To the best of our knowledge, this is the first study that uses biomechanical data from wearables to predict pitch types, and thus enriches the available data from an easy-to-use motion sensor system. It is important to clarify that this method is proposed for the classification of the pitch thrown and not the prediction of the next pitch. Pitch prediction uses information available prior the pitch to judge which pitch can be expected. However, pitch type classification uses information available post pitch to determine which pitch type was thrown. Previous studies used post-pitch data from PITCHf/x describing the characteristics of the ball from when it leaves the hand of the pitcher until it crosses the home plate [
17,
18]. Defining the pitch type from ball flight data is related to the inherent need of redefining pitch types. Traditional pitch type description is not sufficient any longer, with the newly available data in professional pitching. Our methodology aims to expand this knowledge to situations such as youth baseball, where expensive PITCHf/x systems are not prevalent.
The proposed classification method, based on a limited amount of data from youth baseball pitches, shows promising performance in predicting Fastball vs. off-speed pitches. Application of this binary classification method in youth baseball training can create a major advantage for the development of individual players. Since nowadays pitch count is the only variable that is noted, and mostly manually recorded, the automatic tracking of pitch counts, biomechanical data and pitch types can be of great value to coaches and players.
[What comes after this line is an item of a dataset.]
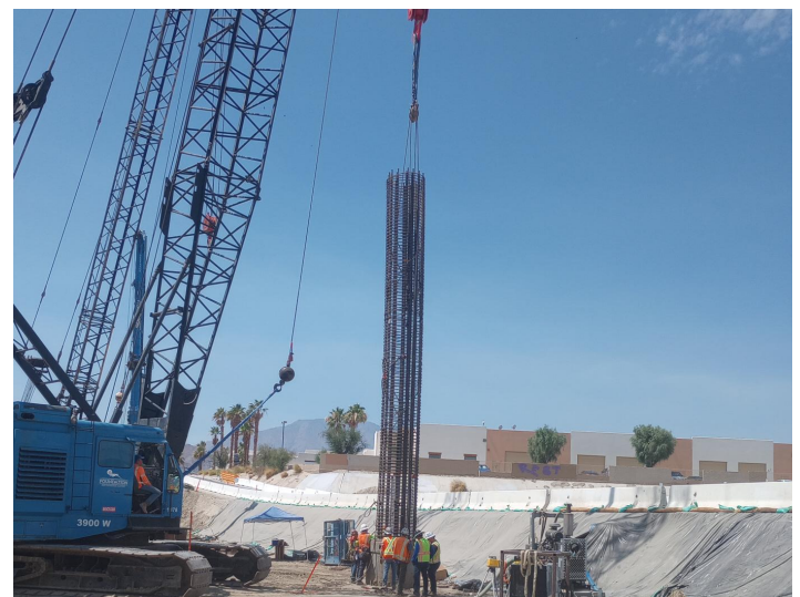
Crews drilling and preparing to set the next 60-inch-diameter rebar cage bridge support foundation into the ground.

Given that youth players are still learning how to throw different pitch types and their susceptibility to injuries is higher when throwing off-speed pitches [
1], implementing the proposed methods in baseball practice may provide a wealth of information relevant for both pitchers and coaches in those situations.
Implementing similar technologies for elite athletes’ training could benefit from the aforementioned suggestions to improve the accuracy of the multiclass classification model. However, further studies should determine the necessity of such a system since high-level players often have access to other resources that can measure or calculate pitch trajectory. Indirect pitch type prediction may thus not be needed for players at a high level with many resources at their disposal.